「熊本の思い伝えたい」豪雨被災の着物をトルコで展示へ

西日本新聞 社会面 宮下 雅太郎

収益は義援金として被災地に贈る

 熊本豪雨で被災した着物を通して、日本で起きた大災害に思いをはせてほしい-。トルコ出身の輸入販売業エンシジ・ムラートさん(44)=福岡市西区=は豪雨から1年を迎える来年7月、修復した着物や帯を持ち帰り、母国で展覧会を開く。傷みが激しいものは裁断して小物に仕立てて現地で販売し、収益は義援金として被災地に贈る。

 ムラートさんは豪雨発生から半月後、同国の伝統的な織物キリムの個展を開いた縁で親交があった熊本県人吉市の老舗「旅館たから湯」を訪ねた。旅館は2階まで浸水。きりだんすに保管していた着物約200着と60本以上の帯が泥まみれになった。おかみの山本重子さん(58)は「どれも愛着があった。生地の質感や光沢も失われ、捨てるしかないと諦めていた」と振り返る。
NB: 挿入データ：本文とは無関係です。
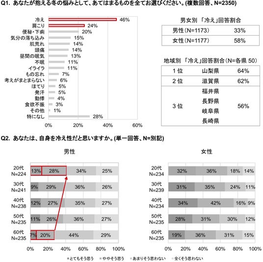 全国の2,350名に冬の時期に多い身体の不調を聞きました。その結果、最も多い回答は「冷え(46%)」、続いて「肩こり(24%)」でした。「冷え」に悩む割合を男女別で見ると、男性3割、女性6割でした。地域別では、山梨(64%)が最も多く、続いて滋賀(62%)、そして福井、長野、岐阜、長崎(56%)が同率3位でした。

 キリムを扱う仕事のため、繊維や布に造詣が深かったムラートさん。旅館の許可を得てたんすをバールで壊し、中から取り出した着物などを一枚一枚、近くのプールで手洗いした。「親から受け継ぐなど、大切な思い出が詰まった着物を失うと思うと、洗濯しながら涙が出た」。着物は2日間かけて洗って乾かした後、旅館の山本さんに返却。その一部を譲り受け、展示することにした。

 展覧会は、自治体の賛同を得て、トルコ北部にある出身地ゾングルダク県で開催。豪雨の写真や映像を展示するほか、人吉産のお茶などの名産品を並べ、熊本の文化を紹介するコーナーを設ける。

 ムラートさんは「被災した着物に触れることで、水害で大切な物を失った人々の思いも伝わるはずだ」と力を込めた。 (宮下雅太郎)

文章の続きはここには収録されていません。